The Siren is even brought into the service of entomologists, enabling them to measure by the sound the rapidity with which a flying insect moves its wings. By means of this instrument we know the origin of the sharp, piercing “ping” of the Gnat, and the heavy, dull boom of the Humble-bee, both of which insects are given in the illustration.
Before taking leave of this subject, I may mention that the instrument is called the Siren because it sings as well under water as in the air, provided that water instead of air be driven through it.
Echo
Our last page will be given to the phenomenon called by the name of Echo, which consists in the power of solid substances, whether natural or artificial, of reflecting the waves of sound thrown against them, just as a mirror reflects the waves of light.

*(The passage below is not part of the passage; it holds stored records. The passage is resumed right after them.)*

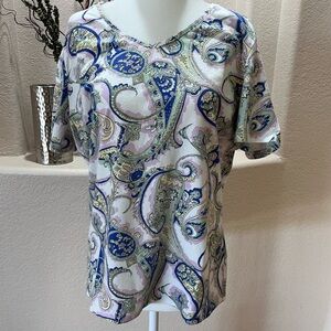 Lot Of 3 Talbots Tee Petite XL Blue Paisley Pink Paisley Yellow Scallop Neck SS
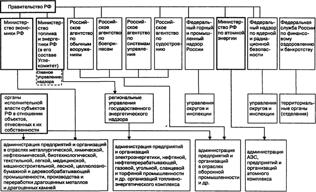 Значительная часть федерального бюджета (42%) формируется за счет поступлений от организаций топливно-энергетического комплекса, основная деятельность которых связана с производством электрической, тепловой энергии, добычей и транспортировкой природного газа, нефти и нефтепродуктов. Поэтому государство уделяет особое внимание обеспечению бесперебойной работы этих организаций, совершенствованию системы управления топливно-энергетическим комплексом, сбережению энергоресурсов. Это нашло отражение в частности, в Федеральном законе от 31 марта 1999 г. «О газоснабжении в Российской Федерации»*, постановлениях Правительства от 20 ноября 1997 г. «О совершенствовании управления угольной промышленностью»**, от 5 июля 1999 г. «Об обеспечении надежного энергоснабжения стратегических организаций»*** и правительственной программе «Энергоснабжение России в 1998 — 2005 годах»****.
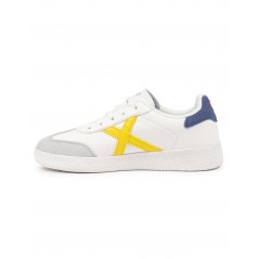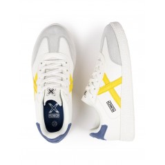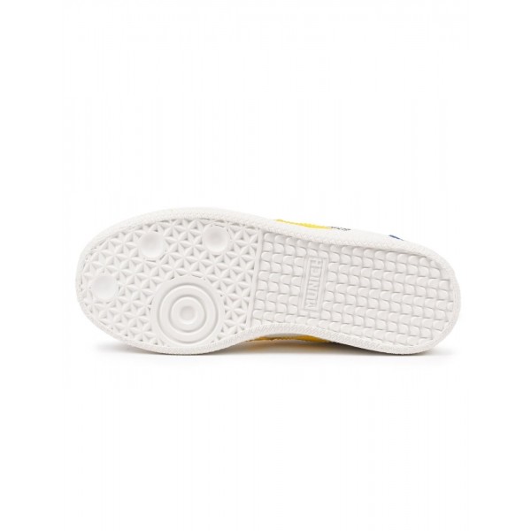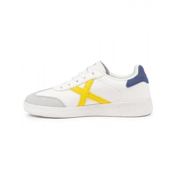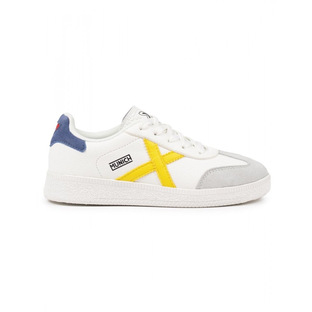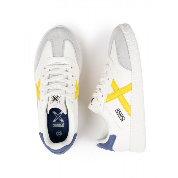 Deportivo infantil, de la marca Munich. Diseño clásico con la X en amarillo y talonera azul. Fabricado en un colorido tono monocromo, combina piel y materiales sintéticos de alta calidad. Puntera reforzada en serraje que garantiza una mayor resistencia al desgaste diario. Cierre mediante cordones. Suela de goma texturizada.
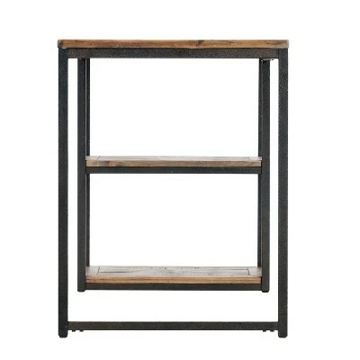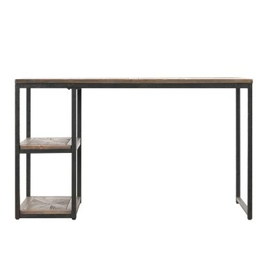 Reclaim your style with the Aiden Lane Garris Reclaimed Wood Writing Desk. Slatted, harvested wood desktop and shelves supply rugged storage for your laptop and workstation accessories.
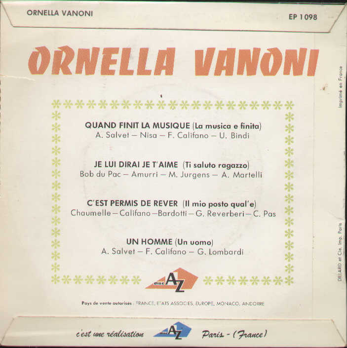 Ornella Vanoni - Quand Finit La Musique / Je Lui Dirai Je T'aime ...
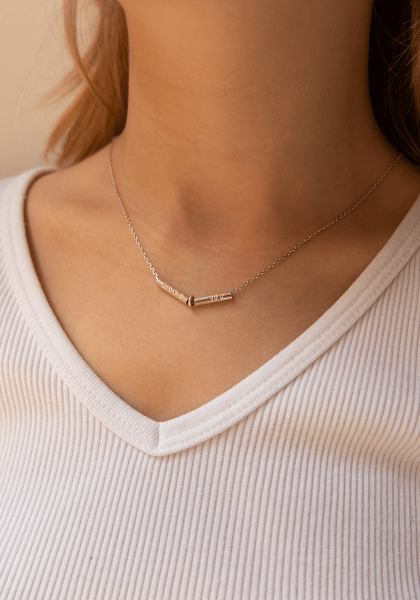 Les combinaisons sont infinies : jouez sur les longueurs, les matières et les mots pour créer un collier unique et personnel.
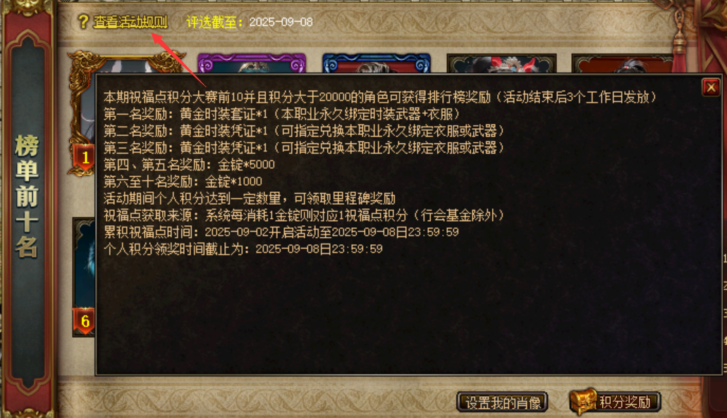 祝福点赛中积分奖励,根据本次活动积分领取对应个人奖励
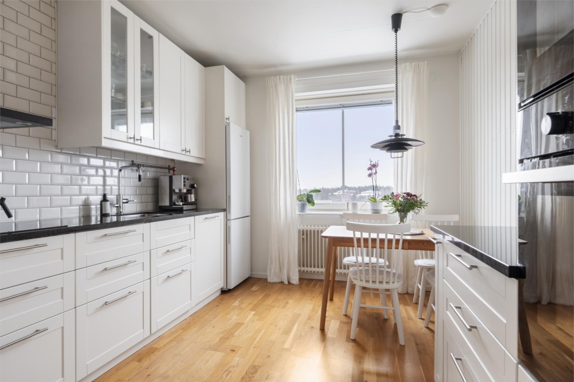 Modernt och stilrent kök med gott om förvaringsutrymme i både skåp och lådor i vitt utförande. Överskåp med glasdörrar ramar in platsen för finporslinet och ger ett luftigt intryck. Väggarna pryds av fasade vita kakelplattor ovan en mörk bänkskiva i sten med nedsänkt ho – en elegant kontrast som skapar karaktär. Köket är fullt utrustat med kyl/frys, inbyggd ugn och micro, induktionshäll med kolfilterfläkt samt diskmaskin. Intill fönstret finns en trivsam matplats med härlig utsikt över omgivningarna.
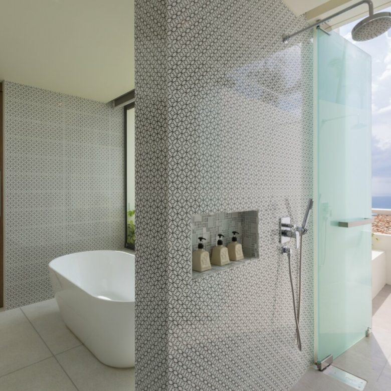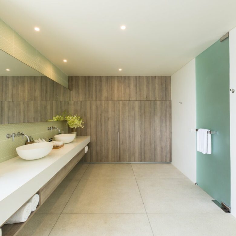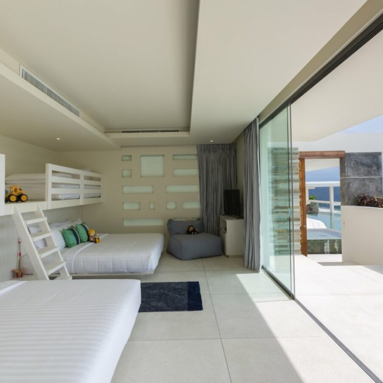 This villa can comfortably accommodate up to 16 guests, including children, in its five bedrooms, all equipped with HDTVs, generous wardrobes and en-suite bathrooms featuring walk-in glass rain showers. The master bathroom even boasts a sumptuous sea-view bathtub. The children’s bedroom cleverly accommodates two large beds for older kids, each attached to a single bunk, and offers a specially designed children’s bathroom with unique height-adjusted washbasins, a tub, a shower, and its own private walled outdoor terrace.
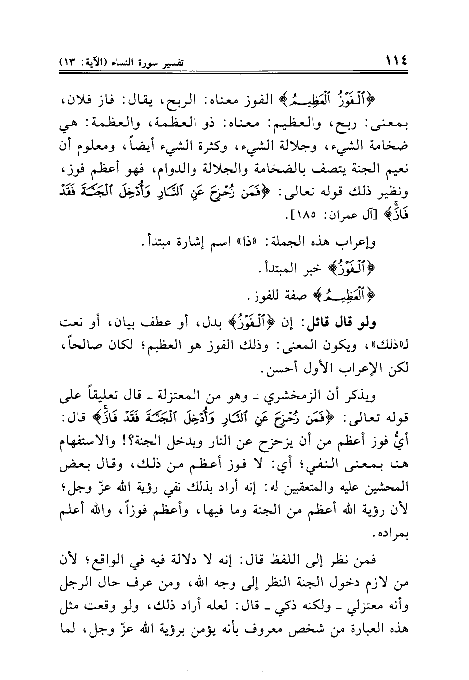 ولو قال قائل: إن {الْفَوْزُ} بدل، أو عطف بيان، أو نعت لـ "ذلك"، ويكون المعنى: وذلك الفوز هو العظيم؛ لكان صالحًا، لكن الإعراب الأول أحسن.
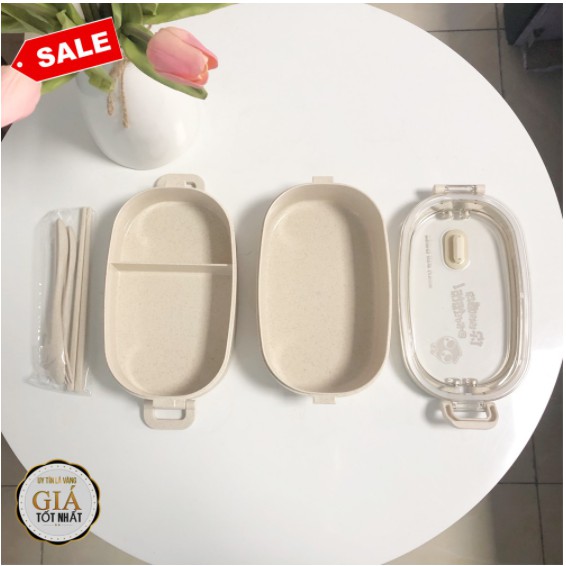 [FREESHIP❤️] HỘP CƠM LÚA MẠCH 2 TẦNG KÈM BỘ ĐŨA THÌA
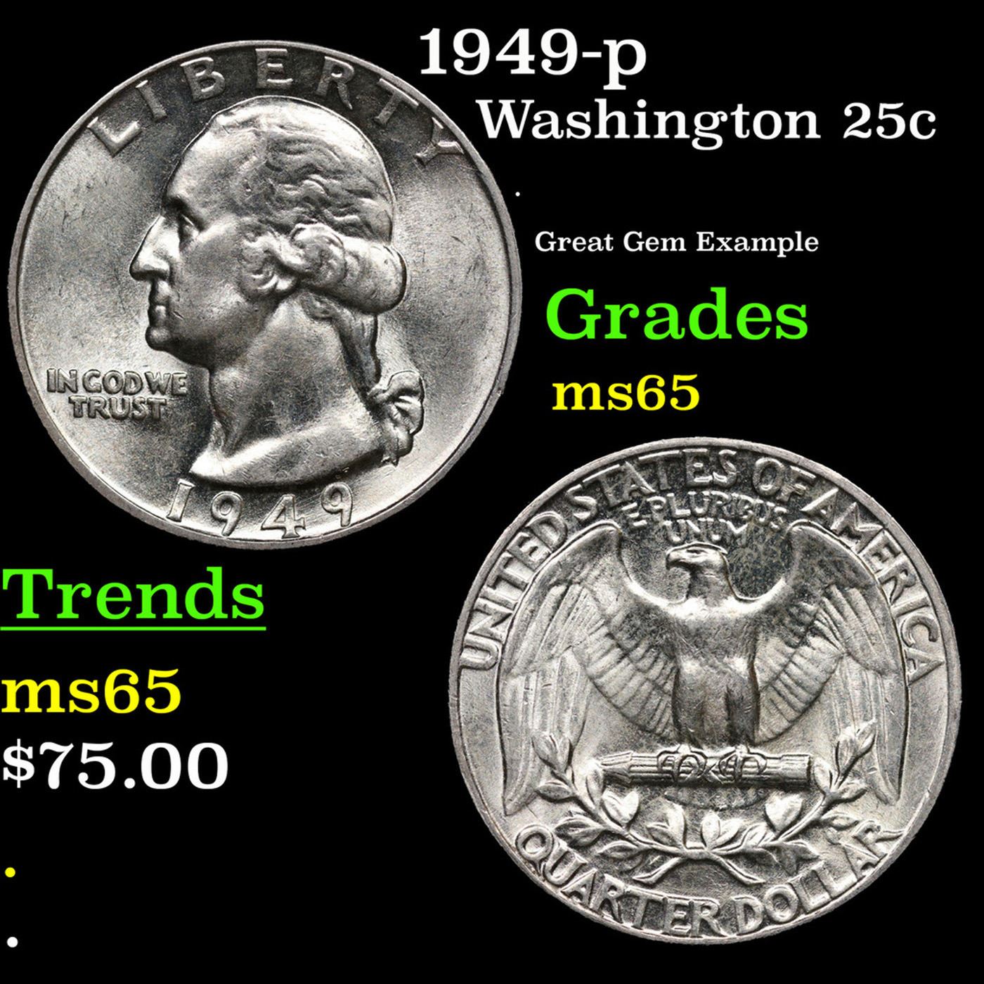 1949-p Washington Quarter 25c Grades GEM Unc.
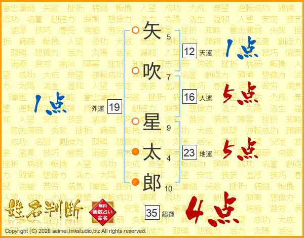 矢(5画)吹(7画) 星(9画)太(4画)郎(10画)
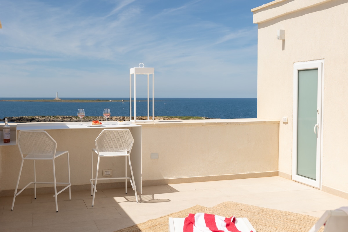 The "Sunrise" apartment - Terrace overlooking the blue Otranto, is located in an exclusive position, 10 meters from the sea and the descent to the beach is under the house! It is equipped with every comfort, including Wi-Fi and air conditioning in every room. From the large terrace and balcony, you can admire the sea and the city of Otranto in all their beauty, and your vacation will be like living a dream with your eyes open! NB: on my profile, the other adjacent apartment is also available
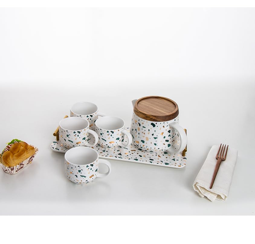 Generic - طقم شاي بالبراد من كاراجا، بورسلين، ابيض، عدد القطع: 7
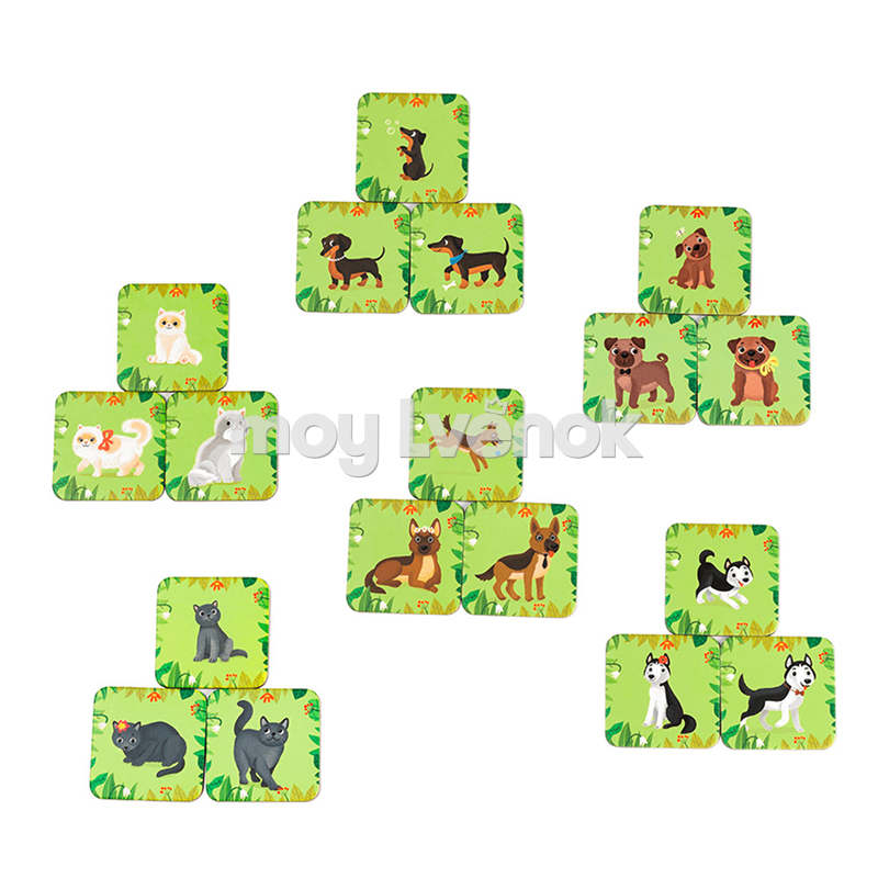- В этой веселой настольной игре вам предстоит собрать как можно больше сетов «мама, папа и малыш» из семейств милых котиков и собачек.
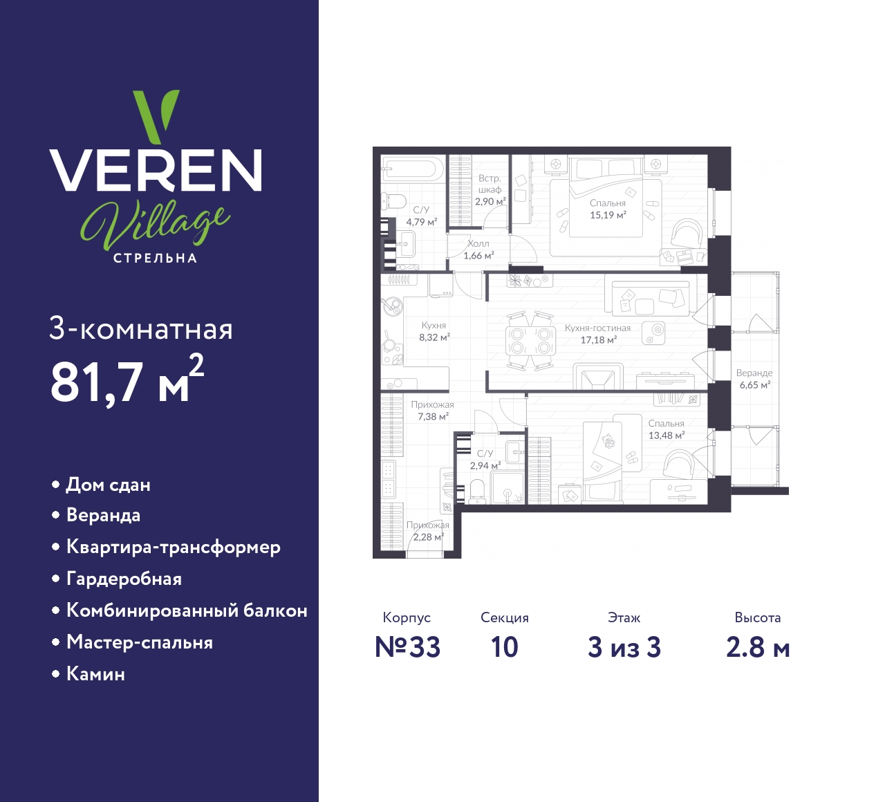 Торопитесь забронировать, пока действует скидка! Срок предложения ограничен! Стоимость квартиры указана со скидкой, ваша экономия составит 3,617,647 RUB. По всем вопросам звоните в офис продаж, наши менеджеры вам все расскажут! Двухкомнатная квартира от застройщика в ЖК "VEREN VILLAGE Стрельна" на 3 этаже. Квартира без отделки, после оформления собственности можно делать ремонт. Общая площадь: 81.7 кв.м., жилая: 28.67 кв.м., площадь просторной куxни-гостиной: 25.4 кв.м. Комнаты изолированные, все окна выходят на одну сторону. В квартире два балкона, два совмещенных санузла. Высота потолков 2.8 м. Дом монолитный, двухподъездный, высотой 3 этажа. Квартира находится во 2-й секции в корпусе Западный 3. В подъезде 1 грузовой лифт. Строительство завершено, дом сдан во 2 квартале 2022 года. Оформление сделки по договору купли-продажи. Веранда, комбинированный балкон, квартира-трансформер, камин, гардеробная, мастер-спальня. VEREN VILLAGE Стрельна - малоэтажный жилой комплекс бизнес-класса, расположенный в престижном Петродворцовом районе Санкт-Петербурга. Рядом с комплексом находится Константиновский дворец (всего 800 метров), до Финского залива - 1,5 км. Исторической окружение, чистый воздух уютного зеленого района, озеро с благоустроенной набережной на закрытой территории комплекса, собственный спортивно-оздоровительный комплекс с плавательным бассейном - все это делает жизнь в VEREN VILLAGE спокойной и уютной, максимально приближенной к загородной. А до КАД можно добраться за 5 минут. Все дома на территории - трехэтажные, во дворе каждого из них высажены деревья разных пород, в каждом дворе своя. Трёхэтажные дома VEREN VILLAGE стрельна не закрывают от вас солнце и звёзды. Вдоль главной дороги комплекса - светлая сосновая аллея. Центральная площадь выходит на озеро, вдоль которого оборудована прогулочная набережная с велосипедными дорожками. Для отдыха устроены рыбацкий мостик и деревянная палуба-пляж - личный курорт для жителей VEREN VILLAGE стрельна. На каждом этаже находится не более 6 квартир. Архитектурный облик комплекса, разработанный знаменитым бюро "Остоженка" заслуживает особого внимания. При отделке фасадов домов применяется долговечный и эффектный кирпич ручной формовки. Все стильные парадные исполнены по авторскому дизайн-проекту с использованием натуральных материалов. Несмотря на малоэтажность, в парадных предусмотрены лифты. Ландшафтный дизайн разделил все пространство комплекса на тихие прогулочные зоны и места для активного отдыха. Вся территория VEREN VILLAGE закрыта и охраняется. Для автомобилей жильцов предусмотрен подземный паркинг. Аккредитация в банках: ПАО Банк «ВТБ», ПАО «Газпромбанк», АО «Райффайзенбанк», «Сбербанк России», ОАО «Альфа-Банк» и других. (AQID02411861)

Very often the Echo is naturally formed, as shown in the illustration, by rocks which cast back the sound—waves thrown against them. This is the case in several parts of Dovedale in Derbyshire, where a pistol shot is reverberated backwards and forwards in a most wonderful manner, and a trumpet blast repeats itself over and over again.
At Walton Hall, the residence of the late C. Waterton, Esq., there is a wonderful Echo, nearly half a mile from the house. Mr. Waterton had discovered the Echo, which proceeded from the walls of the house, and, having found its focus, placed on it a large stone, called the Echo-stone. Any one sitting on this stone, and singing, speaking, or whistling towards the house, heard every sound repeated, as if in mockery.
The celebrated Whispering Gallery in St. Paul’s Cathedral is nothing but an ordinary Echo, though so intensified by the process of radiation, that the sound is transmitted from one side of the dome to the other, just as light or heat is reflected from concave mirrors.